Massively parallel single-cell and single-nucleus RNA sequencing (sc/snRNA-seq) has opened the way to systematic tissue atlases in health and disease, but as the scale of data generation is growing, so is the need for computational pipelines for scaled analysis. We developed Cumulus, the first comprehensive cloud-based framework, to address the big data challenge arising from sc/snRNA-seq analysis. Cumulus combines the power of cloud computing with improvements in algorithm and implementation to achieve high scalability, low cost, user-friendliness and integrated support for a comprehensive set of features. We benchmark Cumulus on the Human Cell Atlas Census of Immune Cells dataset of bone marrow cells and show that it substantially improves efficiency over conventional frameworks, while maintaining or improving the quality of results, enabling large-scale studies.
In recent years, biologists have found that sc/snRNA-seq alone is not enough to reveal the full picture of how cells function and coordinate with each other in a complex tissue. They begin to couple sc/snRNA-seq with other common data modalities, such as single-cell ATAC-seq (scATAC-seq), single-cell Immune Repertoire sequencing (scIR-seq), spatial transcriptomics and mass cytometry. This data coupling is called single-cell multimodal omics. As it is becoming a new common practice, new analysis needs emerge along with two major computational challenges: big data challenge and integration challenge. The big data challenge requires us to develop scalable computational infrastructure and algorithms to deal with the ever-growing large datasets produced from the community. The integration challenge requires us to design new algorithms to enable holistic integration of heterogeneous data from different modalities.
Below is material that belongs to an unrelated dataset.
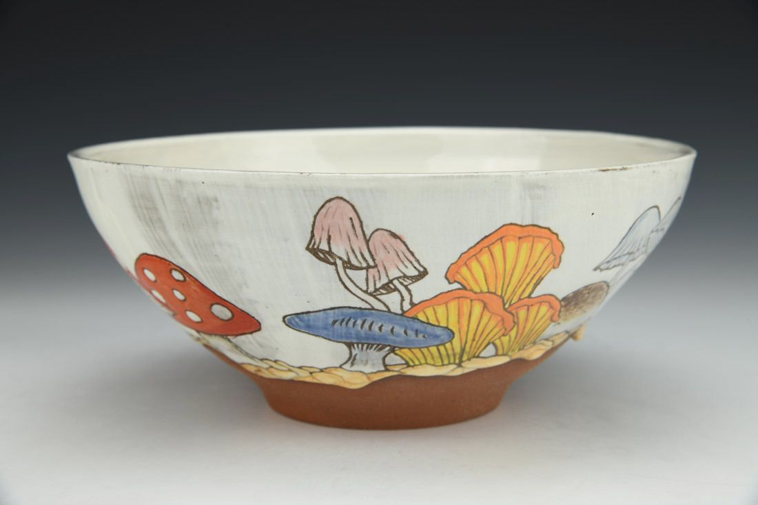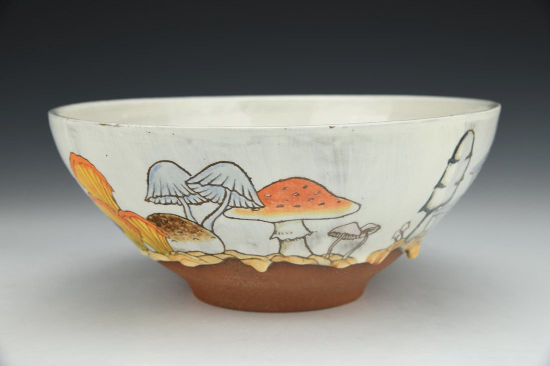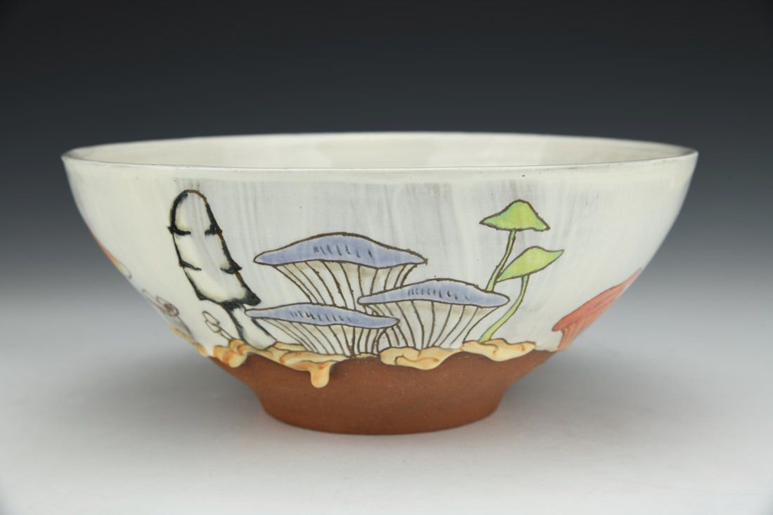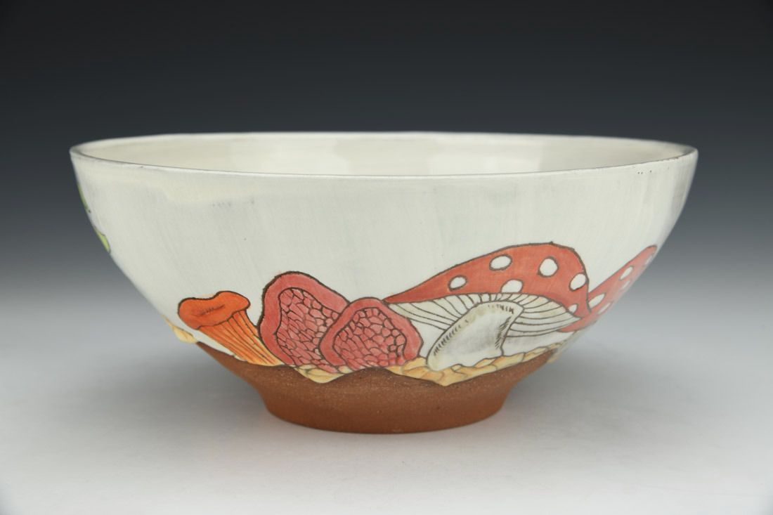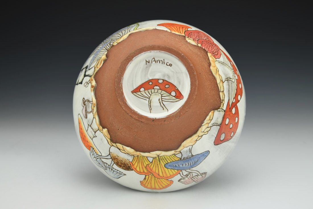 Red stoneware, wheel thrown, painted, sgraffito, white porcelain slip, underglaze, glaze, cone 5 electric fired, 3.75 x 8.5 x 8.25 inches.

In the last part of my talk, I will discuss my team’s efforts and plans to develop Cumulus as an integrated data analysis framework for scaled single-cell multimodal omics.
Single-cell multimodal omics has the potential to provide a more comprehensive characterization of complex multicellular systems than the sum of its parts. As the datasets produced from the community keep growing substantially, the enhanced Cumulus will continue playing an important role in the effort to build atlases of complex tissues and organs at higher cellular resolution, and in leveraging them to understand the human body in health and disease.
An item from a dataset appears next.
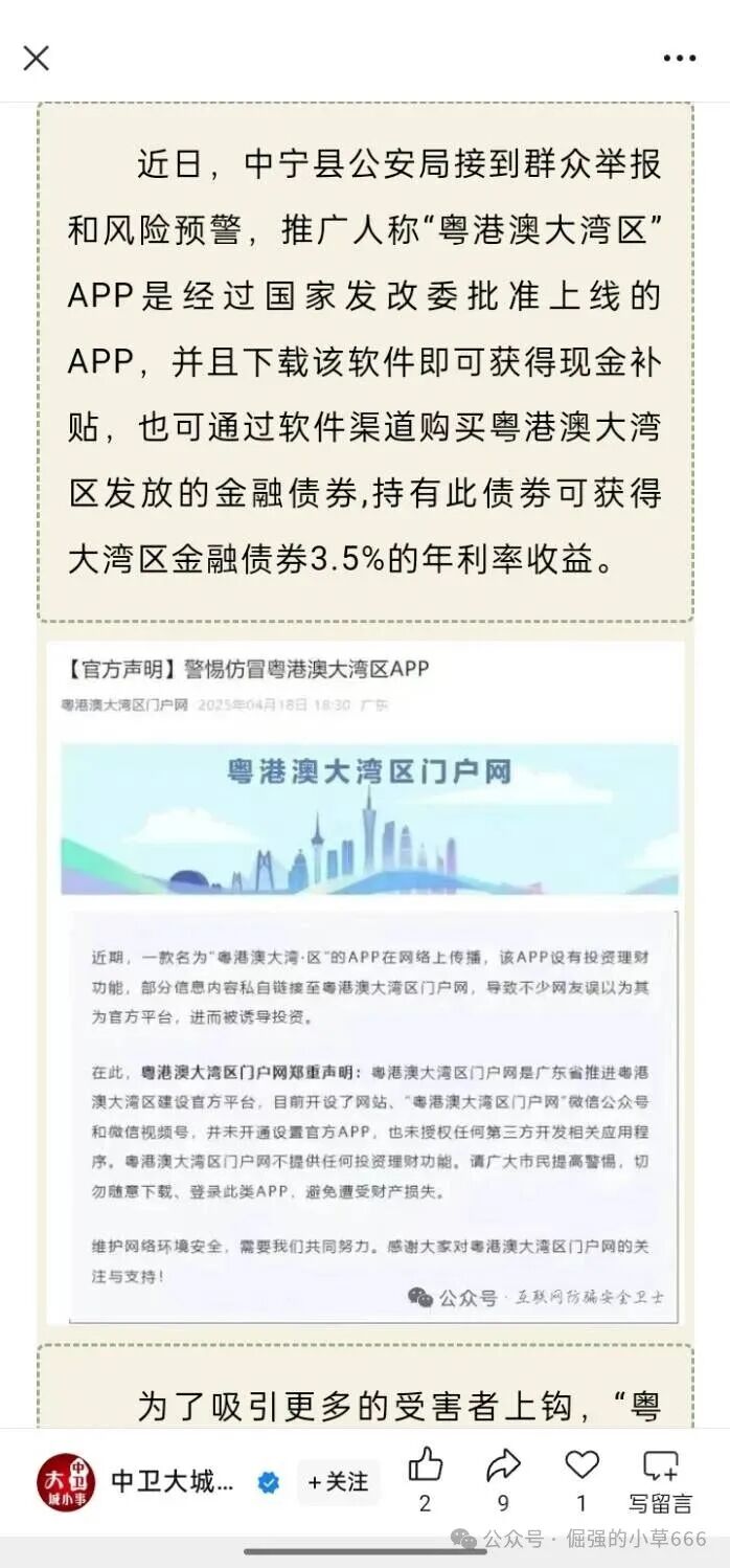 第一,你以为的“政府背书”,其实是“剧本杀”现场。 这个APP最初叫“粤港澳大湾区APP”,名字一出,瞬间拉满信任感——毕竟谁会怀疑“粤港澳大湾区”这种国家级战略?可没过多久,它悄然更名为“共建大湾区APP”,并放出大量“内部文件”“政策通知”,甚至伪造财政部、发改委的红头文件,格式、公章、文号一应俱全,连专业人士初看都难辨真伪。更绝的是,他们还搞“专家解读”“政策宣讲直播”,让你觉得这不是理财,而是“参与国家建设”。可真相是,广东省粤港澳大湾区门户网早已明确声明:从未推出任何APP,不提供投资功能,更未授权第三方发行金融产品。换句话说,你手机里的这个“共建大湾区”,根本就是个“影帝级”骗子,演得比真的还真。
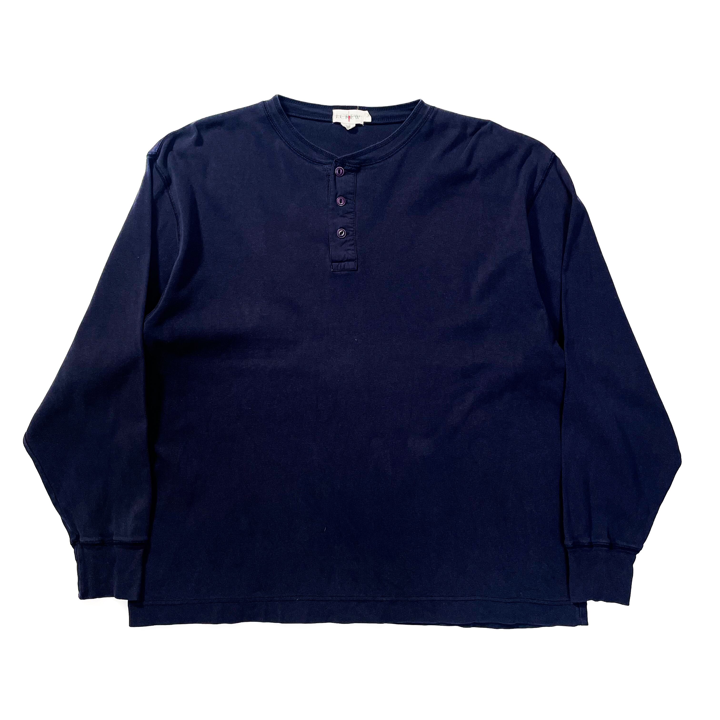 1990s " J.crew " navy cotton henry neck cut&sewn . size large .

Dr. Bo Li is an assistant professor of medicine at Harvard Medical School, the director of Bioinformatics and Computational Biology at Center for Immunology Inflammatory Diseases, Massachusetts General Hospital, and an associate member of the Broad Institute of MIT and Harvard. His research focuses on large-scale single-cell and single-nucleus genomics data analysis. He received his Ph.D. in computer science from UW-Madison and completed two postdoctoral trainings with Dr. Lior Pachter at UC Berkeley and Dr. Aviv Regev at Broad Institute. He is best known for developing RSEM, an impactful RNA-seq transcript quantification software. RSEM is cited 9,384 times (Google Scholar) and adopted by several big consortia such as TCGA, ENCODE, GTEx and TOPMed.